## [Extracted information]
Segment Open

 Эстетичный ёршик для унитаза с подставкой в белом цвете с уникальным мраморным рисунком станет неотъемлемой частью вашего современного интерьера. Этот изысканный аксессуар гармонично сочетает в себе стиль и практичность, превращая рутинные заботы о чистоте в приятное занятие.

Segment Closed
Segment Open

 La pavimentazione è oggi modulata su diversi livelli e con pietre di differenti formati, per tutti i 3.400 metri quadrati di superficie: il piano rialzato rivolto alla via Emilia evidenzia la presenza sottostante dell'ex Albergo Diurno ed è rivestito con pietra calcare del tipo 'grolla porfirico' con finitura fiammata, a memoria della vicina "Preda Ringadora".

Segment Closed
Segment Open

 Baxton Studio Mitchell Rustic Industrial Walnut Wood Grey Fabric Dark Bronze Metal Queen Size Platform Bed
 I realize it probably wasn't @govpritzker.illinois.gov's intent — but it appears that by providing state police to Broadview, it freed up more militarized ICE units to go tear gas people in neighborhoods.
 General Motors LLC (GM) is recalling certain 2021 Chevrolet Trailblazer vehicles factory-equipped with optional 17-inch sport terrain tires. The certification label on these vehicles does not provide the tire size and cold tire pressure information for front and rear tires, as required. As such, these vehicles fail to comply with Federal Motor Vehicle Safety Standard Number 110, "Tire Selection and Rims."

Segment Closed

## [Prompt]
Word for word, restate the lines of the data above that fall between the line holding "I realize it" and the line holding "General Motors LLC", inclusive, and no other lines.

## [Completed task]
 I realize it probably wasn't @govpritzker.illinois.gov's intent — but it appears that by providing state police to Broadview, it freed up more militarized ICE units to go tear gas people in neighborhoods.
 General Motors LLC (GM) is recalling certain 2021 Chevrolet Trailblazer vehicles factory-equipped with optional 17-inch sport terrain tires. The certification label on these vehicles does not provide the tire size and cold tire pressure information for front and rear tires, as required. As such, these vehicles fail to comply with Federal Motor Vehicle Safety Standard Number 110, "Tire Selection and Rims."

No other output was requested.